Rugby – Toulon : le jour d’après

0
56

Après une première partie de saison impressionnante, le Rugby Club Toulonnais connaît un léger passage à vide.

Mélangez des stars, un staff performant et un président omniprésent pour obtenir un cocktail détonnant : le RCT. Adulé par les uns et détesté par les autres, le club varois ne vous laisse pas indifférent. Avec douze victoires en quatorze journées, dont six à l’extérieur, les hommes de Bernard Laporte marquent de leur empreinte le Top 14. Pourtant, il suffit d’une rencontre pour que le tout bascule. Mayol, forteresse imprenable depuis 18 rencontres, est sur le point de céder. L’envie et la détermination des Racingmen ont eu raison des locaux. Une défaite sur ses terres et des conclusions hâtives.

Attention, perturbations

Le Rugby Club Toulonnais se voit-il déjà au bout ? Les joueurs prennent-ils leurs adversaires de haut ? La machine s’est-elle rouillée ? Cette saison plus que jamais, le club Rouge et Noir est devenu l’attraction principale de notre championnat. Tous les regards sont focalisés sur chaque mouvement provenant de la rade. Alors forcément, lorsqu’un faux pas se profile, il faut saisir l’occasion. Contre le Racing Métro 92, les Toulonnais balbutient leur rugby. Méconnaissables pendant la majeure partie de la rencontre, ils s’inclinent logiquement face à plus méritant. Pourtant, gagner les matches pièges était devenu l’un des points forts du RCT. Savoir se sortir du traquenard, montrer que le groupe dispose d’énormément de ressources. Mais quand rien ne veut sourire aux locaux, la soirée s’annonce longue.

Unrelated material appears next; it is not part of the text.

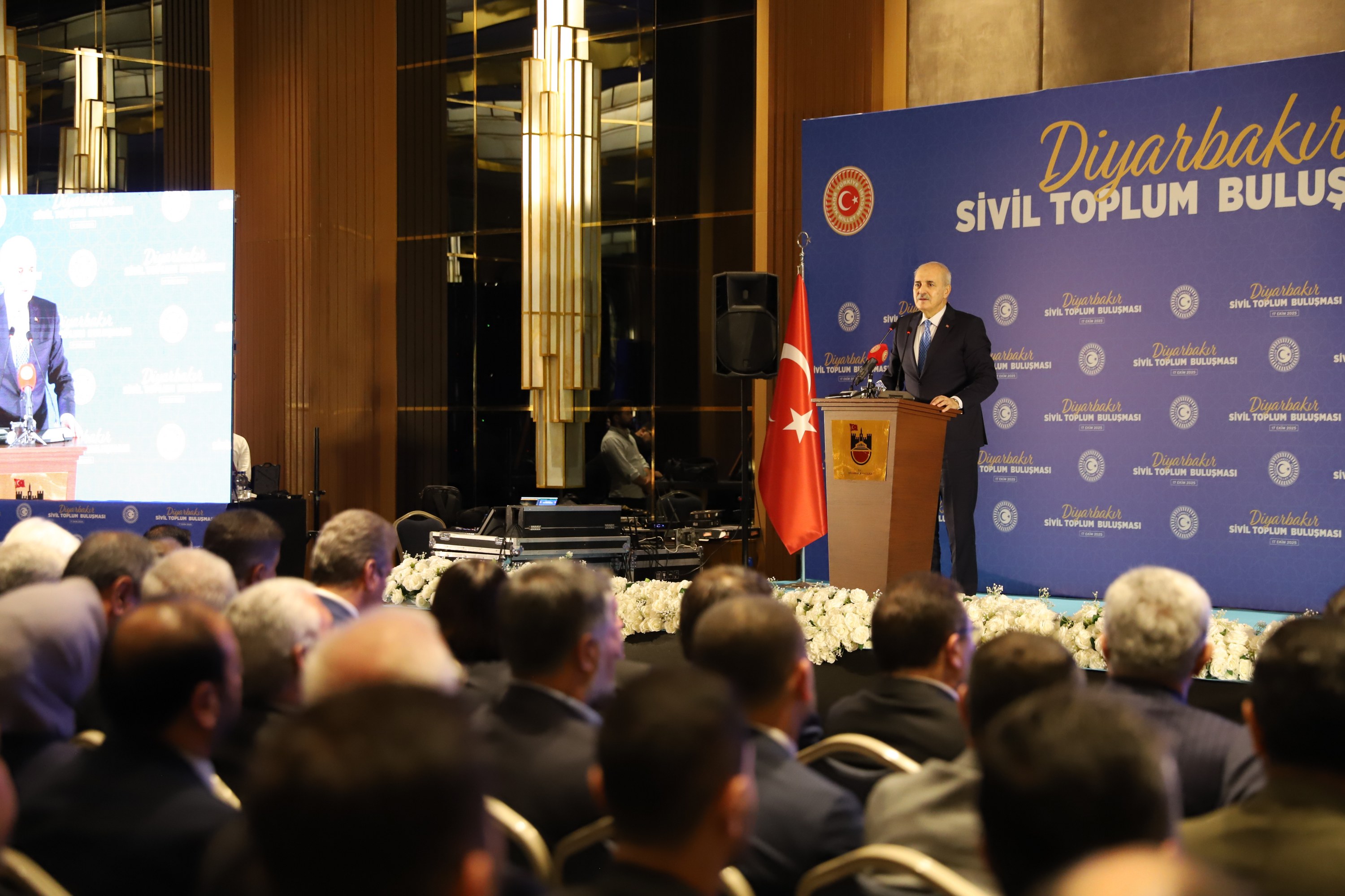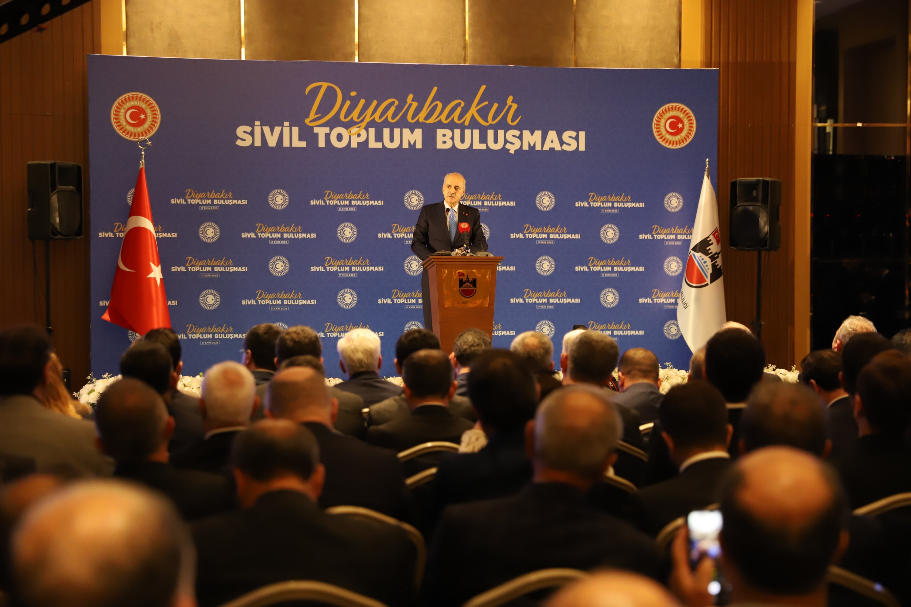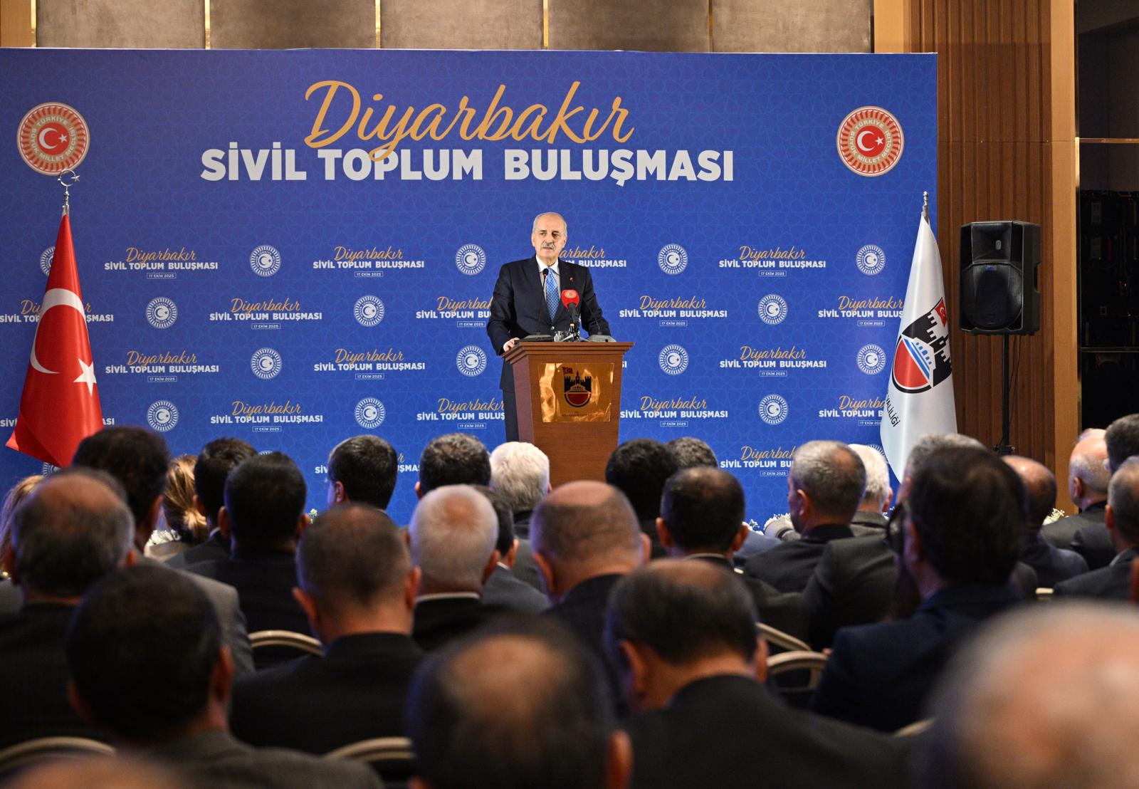Following a visit to Diyarbakır Metropolitan Municipality as part of his programme in the city, TBMM Speaker Numan Kurtulmuş and members of the National Solidarity, Brotherhood and Democracy Commission met civil society representatives at a hotel. Participants included MPs, Diyarbakır Governor Murat Zorluoğlu, Dicle University Rector Prof. Dr. Kamuran Eronat, and representatives of political parties and civil society organisations, alongside Co-Mayor Serra Bucak.

Montpellier pour se racheter ?

Jusqu’ici brillants en H Cup, les Varois se déplaçaient à Montpellier pour assurer la première place du groupe. Les Héraultais, eux-aussi, jouent la qualification. Les mauvaises langues diront que l’issue de la rencontre était connue d’avance, que les visiteurs ont laissé les Montpelliérains s’imposer. Mais dans les faits, les coéquipiers de Benoît Paillaugue remportent un long combat. Jusqu’au coup de sifflet final, ils n’ont rien lâché. Chaque contact, chaque incursion dans le camp adverse sont récompensés par des points. Le constat est frappant, 23 – 3. Cela faisait depuis le 8 décembre 2011 et une défaite aux Falcons de Newcastle que les Toulonnais n’avaient pas inscrit plus de trois points dans une rencontre. Mais le plus inquiétant dans cette opposition reste l’état d’esprit des Varois. Battus, désabusés et incapables de mettre leur jeu en place, ils ont rendu les armes. Symbole de cette capitulation : Jonny Wilkinson. Cette journée européenne peut être analysée comme sa plus mauvaise performance sous le maillot toulonnais. Pour parachever une rencontre ratée, l’ouvreur tentera même un drop désespéré à la 77ème minute alors que le score est de 23 – 3.

Contrats remplis

Mais si les Toulonnais s’attirent les foudres du monde du rugby depuis deux semaines, leur bilan, lui, reste irréprochable. Premier du Top 14 avec quatre points d’avance sur le second, les Varois sont dans les temps. Ils abordent la phase retour avec sérénité. En effet, les hommes de Bernard Laporte recevront plus que fois qu’ils n’auront à se déplacer. Un énorme avantage quand on connaît la réputation du stade Mayol. Sur la scène européenne, le constat est tout aussi impressionnant. Premier de sa poule et qualifié pour un quart de finale à domicile, le Rugby Club Toulonnais continue son parcours sans faute. Accueillir Mont de Marsan ce week-end peut être le meilleur moyen de se relancer. Même si les Varois dominent de la tête et des épaules cette première partie de saison, le groupe toulonnais ne doit pas oublier un adage : c’est à la fin du bal qu’on paye les musiciens.